• ACTIVITY
Output nothing but the lines from the first line of the listing below through the line containing "ingredients or less.", printed exactly and free of pictures.

═════ PROVIDED MATERIAL ═════

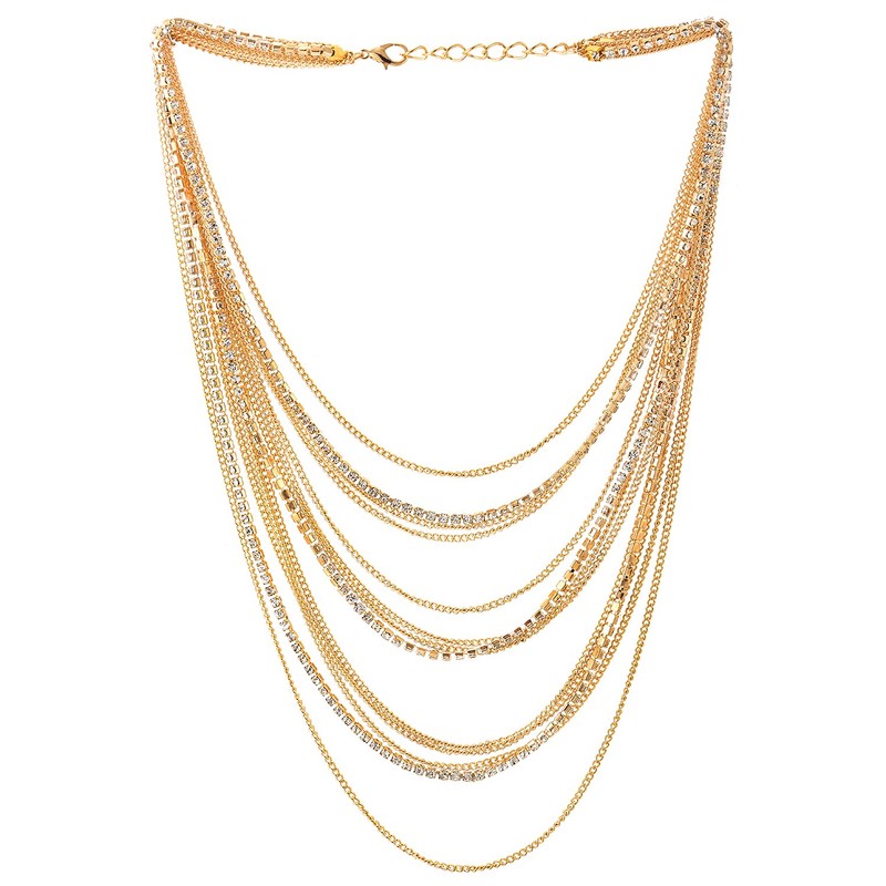 - Gold Waterfall Multi Layers Chain Statement Necklace Collar Pendant with Rhinestone Chain Evening Dress
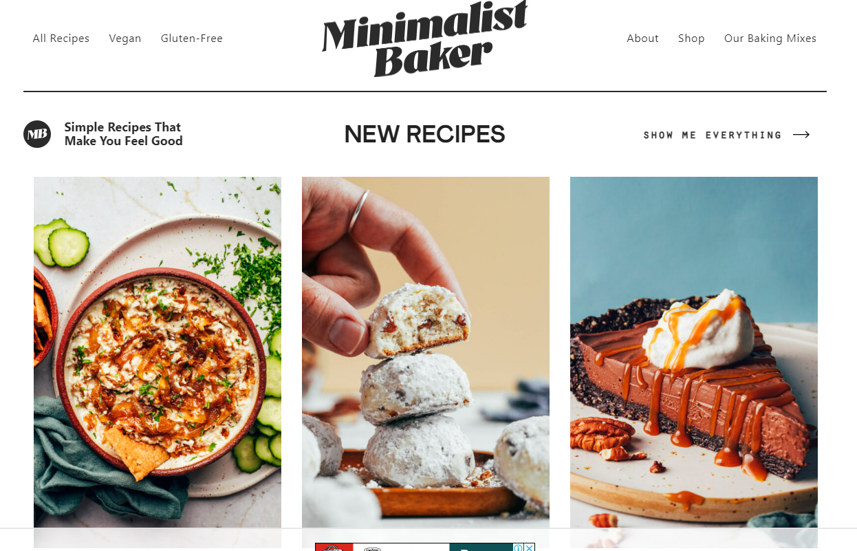 - “Minimalist Baker” is a vegan food blog with a focus on simple, plant-based recipes that require just 10 ingredients or less.
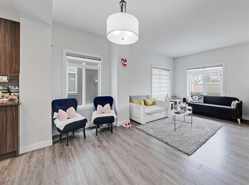 Nestled in the heart of Sage Hill, this stunning 3 BEDROOM END UNIT (the only 3 bedroom currently for sale in this complex) offers a perfect blend of luxury, comfort, and contemporary design with low condo fees! Greeting you on the main level are 9ft high ceilings, creating an immediate sense of spaciousness and airiness. Beautiful vinyl plank flooring graces the main floor, providing both durability and aesthetic appeal. Extra natural light from the side windows graces ever spot of this home - a feature only an unit can have. The large kitchen boasts a spacious island complete with breakfast bar seating. Stainless steel appliances add a touch of sophistication while the pantry and extensive cabinetry provide ample storage space. A subway tile backsplash and quartz countertops add a contemporary flair to the space. The open concept design seamlessly connects the eating nook to both the kitchen and the living room, fostering a sense of togetherness and making it an ideal space for shared moments with family and friends. Large windows flood the living room with natural light, creating an inviting atmosphere that complements the contemporary design elements. Completing this main level is a convenient 2pc powder room! Ascending to the upper level, the primary is complete 3-piece ensuite with a standalone shower, and walk in closet. The other 2 bedrooms are nicely sized. All bedrooms feature big windows, allowing an abundance of natural light to fill the space and create a warm and welcoming ambiance. Upper-level laundry and a linen closet add a practical touch. The parking is a proper SIDE BY SIDE DOUBLE GARAGE, equipped with additional storage space, ensures that practicality and functionality are seamlessly integrated into the design. The parking pad in addition to the garage allows for three vehicles to be comfortably stored at the residence. Outside a large concrete patio allows for maximum use of outdoor space - without the cost of maintenance! Here you'll find a convenient built-in gas line for the BBQ. Everything you'd want in a home without the extra maintenance is here. This property is ready to be wrapped up in a nice bow for the next family to enjoy!

═════

• EXERCISE OUTPUT
 - Gold Waterfall Multi Layers Chain Statement Necklace Collar Pendant with Rhinestone Chain Evening Dress
 - “Minimalist Baker” is a vegan food blog with a focus on simple, plant-based recipes that require just 10 ingredients or less.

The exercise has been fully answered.